Even if it's three allocations on initial creation, that isn't changed
when you make additional copies of that object. You only have three heap
allocations, period. Regardless of how many intermediate objects are
sharing it.

OK, my intent isn't to beat up boost::shared_ptr because I use it
frequently, and find it very useful. Unfortunately, I could use it a
lot more if it didn't utilize heap allocations when being constructed,
or I could control those heap allocations better. Probably I can and
just am not aware of how.

I was mistaken about the two heap allocations. Perhaps this was true
in an older boost version?

What I meant about the intermediate objects is this.
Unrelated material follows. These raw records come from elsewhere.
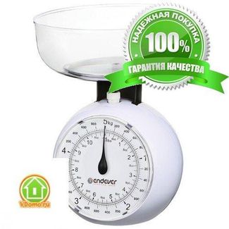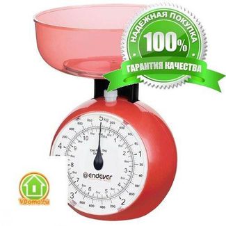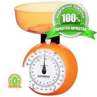 - Кухонные механические весы Endever. Максимальный вес 5 кг, цена деления 40 г, оранжевые по выгодной цене 950 р. руб.;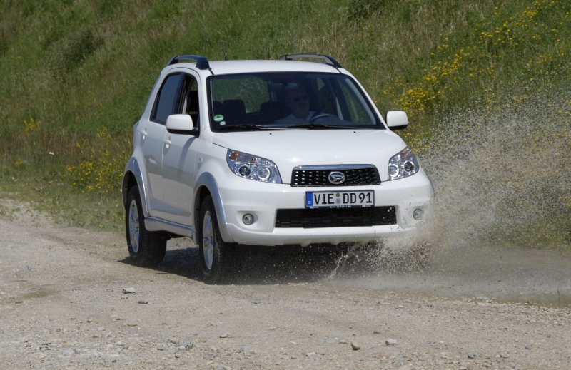 Daihatsu Terios 1.5 4WD – Wahlversprechen zum Facelift / Seite 4Da wundert es nicht, dass das Ergebnis der technischen Bemühungen an der Zapfsäule zwiespältig ausfällt: Im Stadtverkehr sind die Modifikationen im Verbrauch spürbar und auch bei Landstraßentempo genehmigt sich der 2009er Terios weniger Sprit. In beiden Fällen ist beim Durchschnittsverbrauch eine acht vor dem Komma realistisch. Bei höheren Geschwindigkeiten jedoch bestimmt die kurze Gesamtübersetzung den Treibstoffkonsum und daran hat sich ja nichts wesentliches geändert. Und so genehmigte sich der aktuelle Daihatsu Terios 4WD über die gesamte Testdistanz 9,4 Liter Benzin pro hundert Kilometer – und damit nur 0,2 Liter weniger als vor der Modellpflege. Die versprochenen „bis zu 0,8 Liter“ sind da wohl eher als Wahlversprechen zu verstehen, aber die Tendenz geht zumindest in die richtige Richtung. Darüber hinaus ist der Terios 4WD mit einem Einstiegspreis von 21.490 Euro immer noch eines der preiswertesten SUV-Modelle auf dem Markt. Vor allem auch deshalb, weil inzwischen das „Top“-Ausstattungspaket Serie beim Allrad-Terios ist. Und auch in den anderen Punkten gilt immer noch das im 2007er Testbericht gesagte – und der hatte den Titel „Kompaktes SUV für wenig Geld“.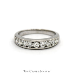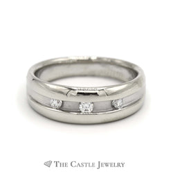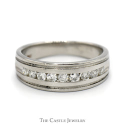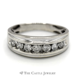 Elevate your style with our Stylish 1CTTW Channel Set 5 Round Diamond Men's Band, meticulously crafted in 14K white gold. This exceptional ring features five radiant round diamonds securely channel set for a sleek, modern look that exudes sophistication. With a total carat weight of 1cttw, the diamonds create a captivating shimmer that effortlessly complements the polished white gold band, making it perfect for engagements, weddings, or as a statement piece for the discerning man. Experience the perfect blend of elegance and masculinity with this timeless bandβan essential addition to any jewelry collection. Make your mark with this stunning piece today!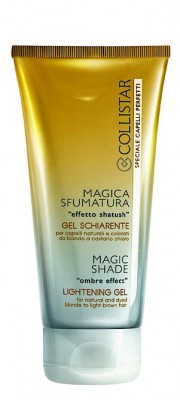 Марка Collistar представила домашнее средство для осветления волос по технике Ombre. Модное окрашивание с размытой по горизонтальной линии границей возможно с гелем Magic Shade — для этого гель наносится на кончики волос. Для мелирования его используют на отдельных прядях. В результате волосы выглядят так, будто выгорели на солнце. Средство наносят на чистые сухие волосы и оставляют высыхать. Результат проявляется постепенно, поэтому интенсивность окрашивания можно контролировать — повторять процедуру раз в два дня до получения желаемого оттенка. Magic Shade предназначен для светлых натуральных и окрашенных волос и не рекомендуется для оттенков темнее светло-коричневого. Дополнительный плюс — ухаживающие компоненты в составе.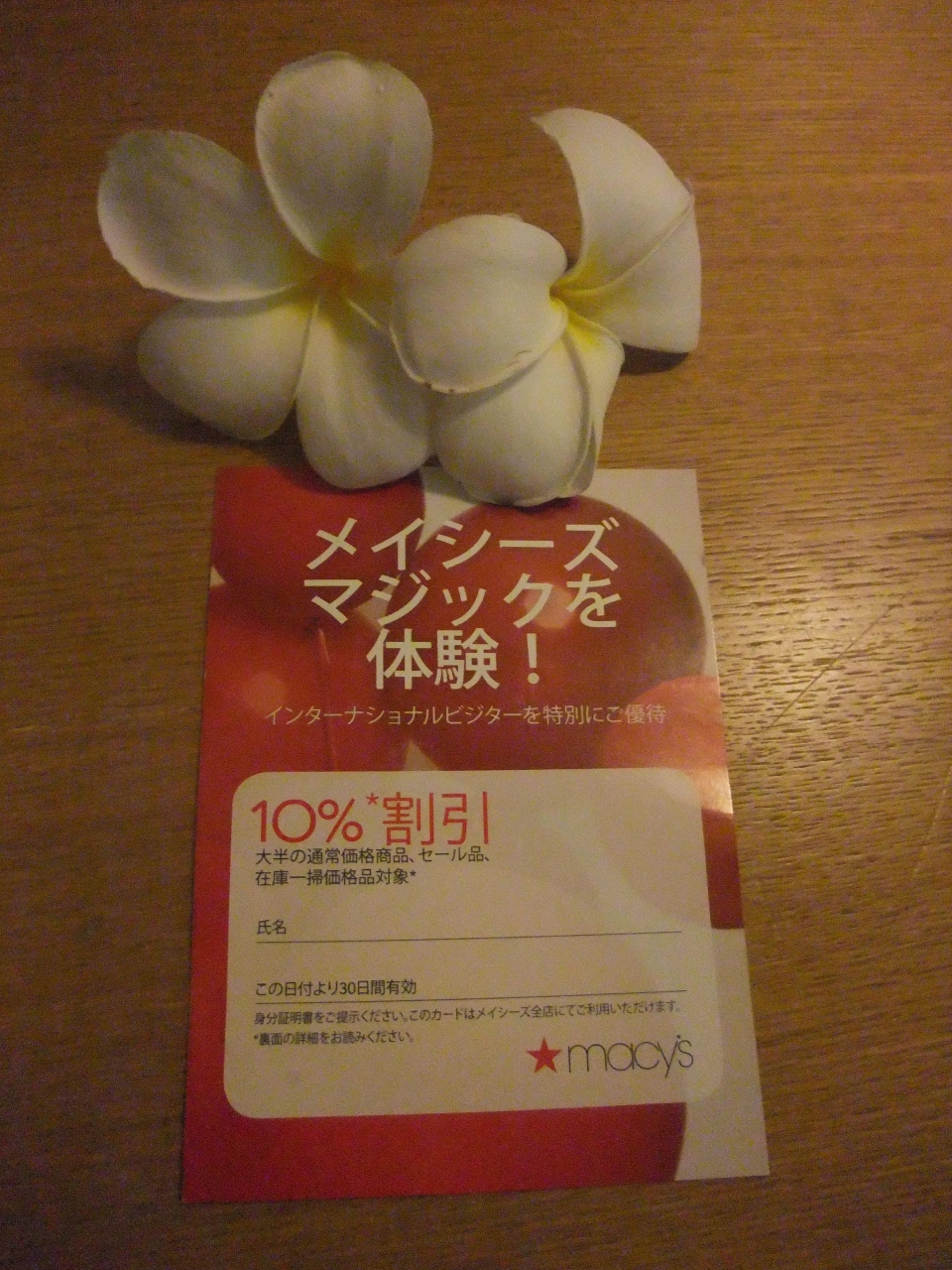 10時オープンに合わせて赤いシャトルバスで行った。時間が早いせいか人は少なかった。メイシーズの割引券をセンターのインフォメーションでもらった。たくさん積み上げておいてあった。これはマストだ。昼食はフードコートで食べたが、以前に比べるとずいぶんと清潔にきれいになっていた。
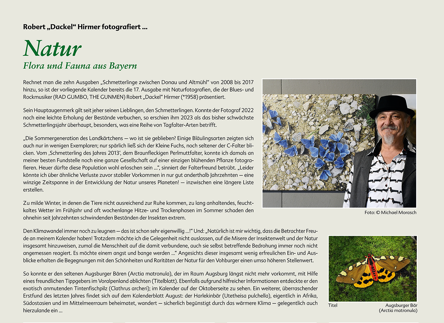 Robert „Dackel“ Hirmer ist daher für viele Fotografien auf Hinweisgeber angewiesen – er packt dann seine Fotoausrüstung und fährt dorthin, wo eine bestimmte Art noch zu finden ist. So ist auch das Titelbild 2024 entstanden: Es zeigt den seltenen Falter „Augsburger Bär“ – der aber kommt im Augsburger Raum längst nicht mehr vor. Hirmer hat ihn Dank hilfreicher Tipps schließlich im Voralpenland gefunden und abgelichtet.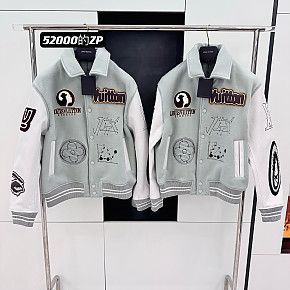 [V공장] 루이비통 레더 그레이 블루종 바시티 자켓

If I had a
singleton as follows, which self-destructs as soon as all users of it
go out of scope:

template<typename T>
class Single
{
static shared_ptr<T> instance()
{
if(!m_instance)
{
m_instance = shared_ptr<T>(new T);
return m_instance;
}
}
static shared_ptr<T> m_instance;
};

Every time I call "instance()", a shared_ptr is being created (slow
heap allocation).

If instead I had used plain pointers:
template<typename T>
class Single
{
static T* instance()
{
if(!m_instance)
{
m_instance = new T;
}
}
static T* m_instance; //initialize to 0
};

I would have the initial allocation, but could call "instance" an
unlimited amount of times without additional allocations. (I'm
obviously not getting the reference counting either here)

Joe Cook
 
J

James Kanze

And that, in turn, depends heavily on the heap manager that
you're using.

And a lot of other things. An invasive reference counted
pointer will generally be faster, but more because copying it is
only copying one pointer, rather than two, than because of the
allocations.

IIRC, at one point, very early in the development of
boost::shared_ptr, the author actually ran some benchmarks. And
found that the extra allocation wasn't very expensive; not
expensive enough, for example, to justify the added complexity
of implementing its own memory manager. (For various reasons,
most of the usual heap managers today are very efficient when it
comes to allocating a lot of small sized objects of the same
size.) In other words, the authors actually treated the project
as if it were a professional development, and behaved
professionally.
 
J

James Kanze

[...]
I would have expected them to pool these allocations somehow.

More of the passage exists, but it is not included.